Pronovost, who works for the Montreal advocacy group as vice president for development and public affairs, was trained as a biologist but built a career around bikes, organizing a major 1992 bike conference and then leading the charge for what became La Route Verte, the continent’s longest bike route, with the help of an $88.5 million government investment.

The Pronovost lecture is at 6:30 p.m. Monday, Aug 26, in Portland State University’s Lincoln Hall at 1620 SW Park Ave. Space is limited to 240 people.

Next week’s speaker will have a different perspective: he’s a former Portlander who’s spent the last eight years improving biking in the Boston area — one of the eight major metro cities that’s recently overtaken ours in miles of bikeways per square mile.

Phil Goff of Portland-based Alta Planning + Design, one of the organizers of Portland’s legendary 2002 Summer of Bike Fun, a former Bicycle Advisory Committee member and a founding board member of the Livable Streets Alliance, will speak at 6:30 p.m. on Wednesday, July 31, at Velo Cult, 1969 NE 42nd Avenue. His talk, also free, is organized by the Bicycle Transportation Alliance.

You might recall Goff from his guest article about the Morrison Bridge saga we published back in 2010.

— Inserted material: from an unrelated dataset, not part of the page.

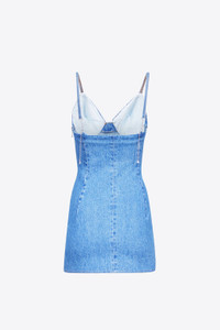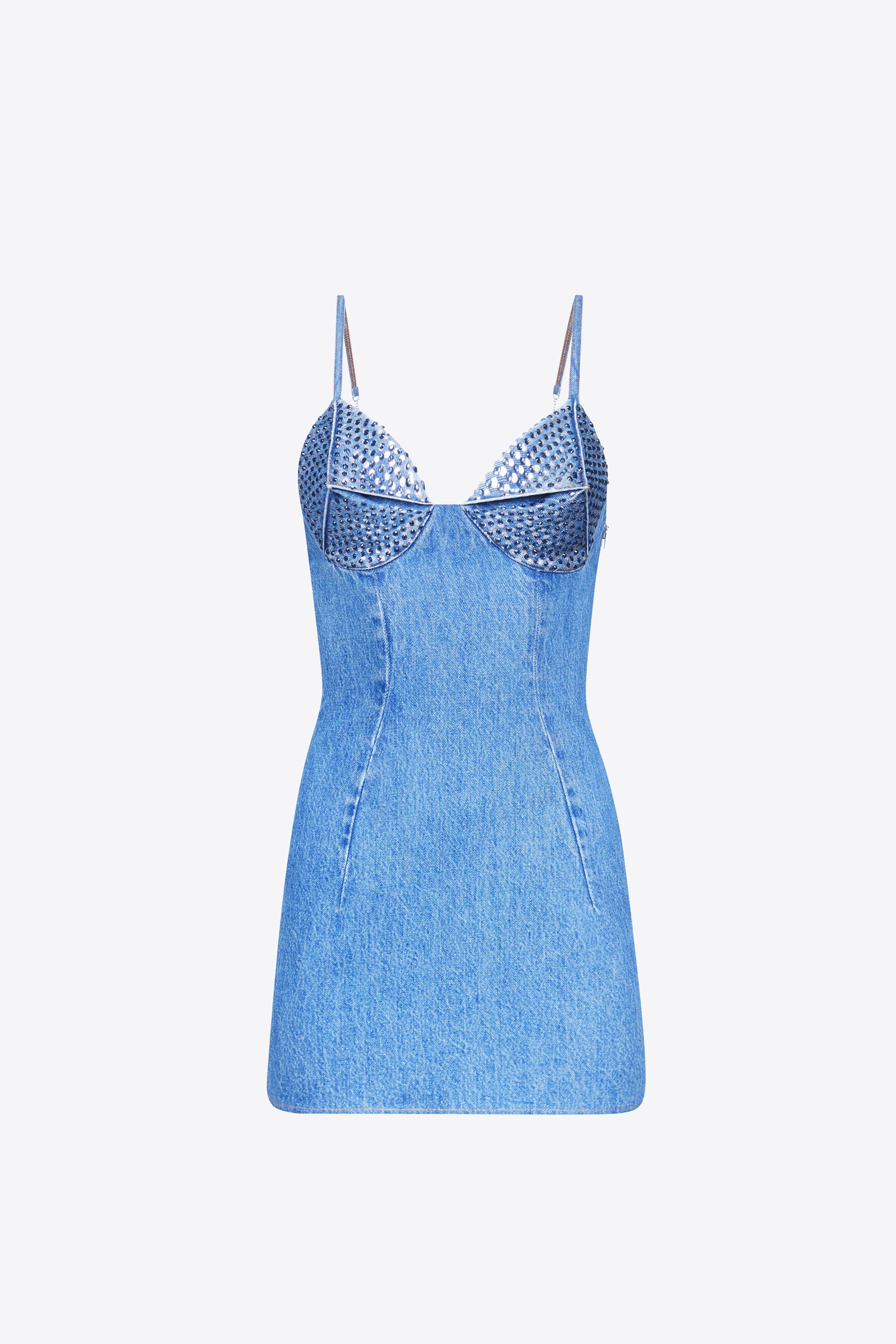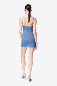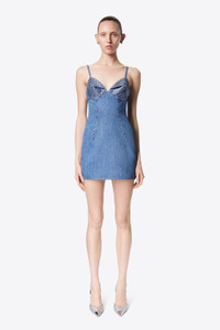 Denim mini dress featuring sculptured crystal embellished cups, adjustable straps and hidden back zipper. Available in Medium Indigo. - 100% Cotton - Dry Clean Only - Model is 5'11" and wears a size US 2

“After eight years of transportation planning work in Boston and Cambridge, Goff is returning to Portland to share his observations about two cities that, like Portland in 2002, are eager to become the country’s best for bicycling,” the BTA says.

Correction: An earlier version of this post misreported the time and date of the Pronovost lecture. It’s next month, Aug. 26, at 6:30 p.m.

Michael Andersen (Contributor)

Michael Andersen (Contributor)

Michael Andersen was news editor of BikePortland.org from 2013 to 2016 and still pops up occasionally.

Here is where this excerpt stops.